By David F. Kelley
If we cut the distance between two points in half, no matter how often, it brings them closer together, but they never meet. When I was practicing law I came to the conclusion that finding the “truth” was, very often, the same way. We rarely got to “the whole truth and nothing but the truth.” I have since come to the conclusion that this theory is universal. Physics, for example, struggles to decipher the truths of the universe. We can get closer, but we will never reach the whole truth.
History is no different. The truth is hard to come by. In the former Soviet Union, history was treated like a loose-leaf notebook. Pages were inserted and torn out to suit the whims of those in power. Eventually the entire Soviet Union collapsed. In America we have been less cavalier about our search for history, but it has still been dangerously easy to paint the way we were with “pretty watercolor memories.”

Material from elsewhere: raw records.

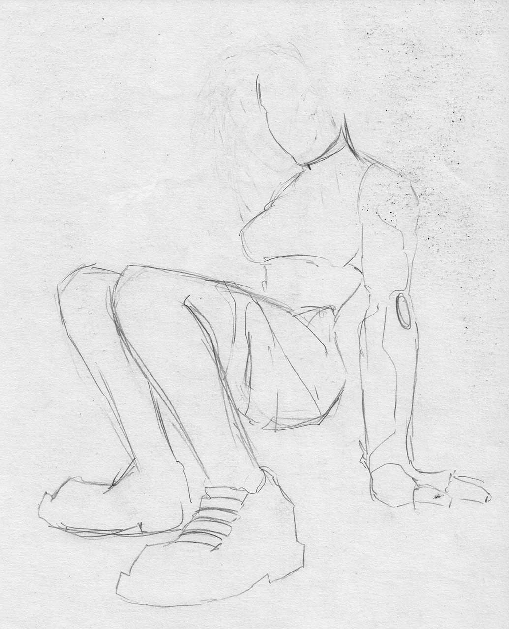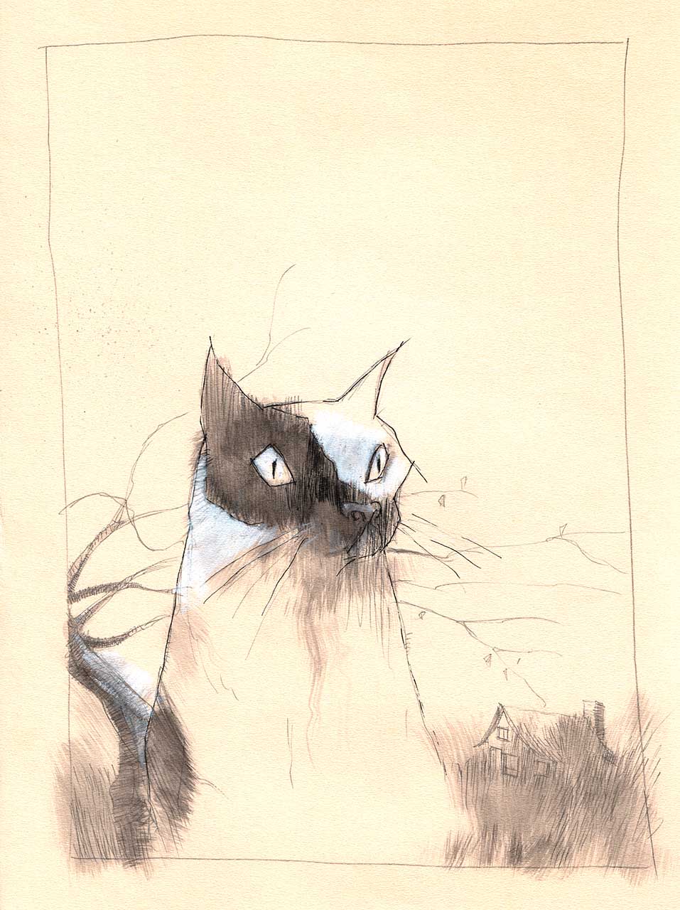 Crayon à papier, encre de chine et pastel blanc. Dessin jaunis par le temps.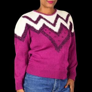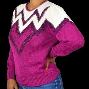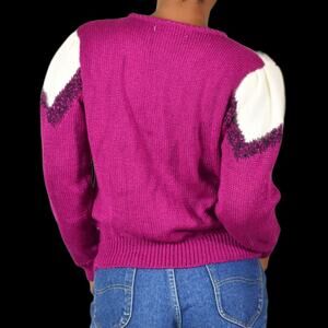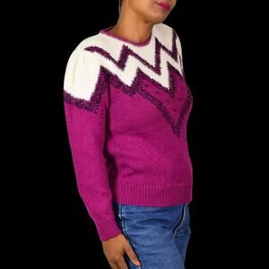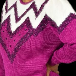 Vintage Petite Sophisticate Sweater FEATURES a chevron neckline print and fuzzy front upper half. Vivid magenta color. Bead accents. Round neck. Long sleeves.
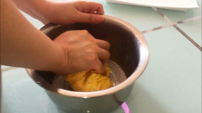 1、南瓜和糯米粉揉团时,糯米粉可以分多次加入。

In six weeks since George Floyd’s death there has been a reckoning with some of the more ugly truths about who we are and where we come from. Cellphone recordings of the deaths of George Floyd, Ahmaud Arbery, and Rayshard Brooks have been explosive evidence of systemic racism and that evidence has inspired a humbling, nationwide, soul-searching.
How could a bastion of higher education, like Yale Universty, ever have named a building for a man like John Calhoun, who spent his career defending slavery? How could statues stand for over a century honoring men who took up arms against their own country, so that they could continue, in Lincoln’s words, “wringing their
bread from the sweat of other men’s faces?” How could so many of us have been so blind to indefensible murders of black men?
The cellphone recordings of these murders may take us a step closer to the truth about who we are and where we come from, but we will continue to grapple with our history when so many of those to whom we owe so much, like George Washington and Thomas Jefferson, were slave owners and racists. Jefferson himself wrote, “I tremble for my country when I reflect that God is just, and that His justice cannot sleep forever.” Both he and Washington were wealthy men who risked their fortunes and their lives for one of history’s most precious ideas — the idea that human rights come, in the words of John Kennedy, “from the hand of God and not the generosity of the state.” That idea continues to lift the human condition. We need to be grateful, yet honest, about our origins.
I used to coach high school debate and would sometimes ask debaters to read the Lincoln-Douglas debates. One especially bright student read those debates and concluded Lincoln was a racist and didn’t deserve his exalted place in history. I hoped in the years to come he would consider that Lincoln had to work in the world he inherited, and that preserving the Union and ending slavery were colossal tasks. I hoped someday he could imagine a world where Stephen Douglas (born in Brandon, Vermont) had been elected president in 1860. It would have been a world where slavery was allowed to expand unchecked. But I was grateful that he was searching.
History is as much about the future as it is the past. There is now a national consensus that police practices need to change, but we need to do still more. We need to design housing policies that enable every American to build equity, particularly in low-income housing. Prisons have to stop being dumping grounds for the disenfranchised. Schools need to empower disadvantaged students with more opportunity.
We once thought the earth was flat. Today we plan journeys to Mars, but we still can’t explain how the universe was created. We once lived at the mercy of kings. Today our leaders get their powers from the consent of the governed, but equal justice still eludes us. We are a work in progress. The American journey’s destination is forever tomorrow and the search for the truth about yesterday forever endless. Much of history is tragic. At times, such as these, the past is painful, but still vital to remember.
There is a poem by Robert Frost about walking down an old road and sitting by some long abandoned homes and cellar holes. It ends with these words: “Here are your waters and your watering place. Drink and be whole again beyond confusion.”
Remembering sustains us. The recordings of George Floyd’s murder helped reveal truths about who we are and where we have come from, and getting closer to that truth will make this a better nation.
David F. Kelley is an attorney and a co-founder of Project Harmony (now PH International).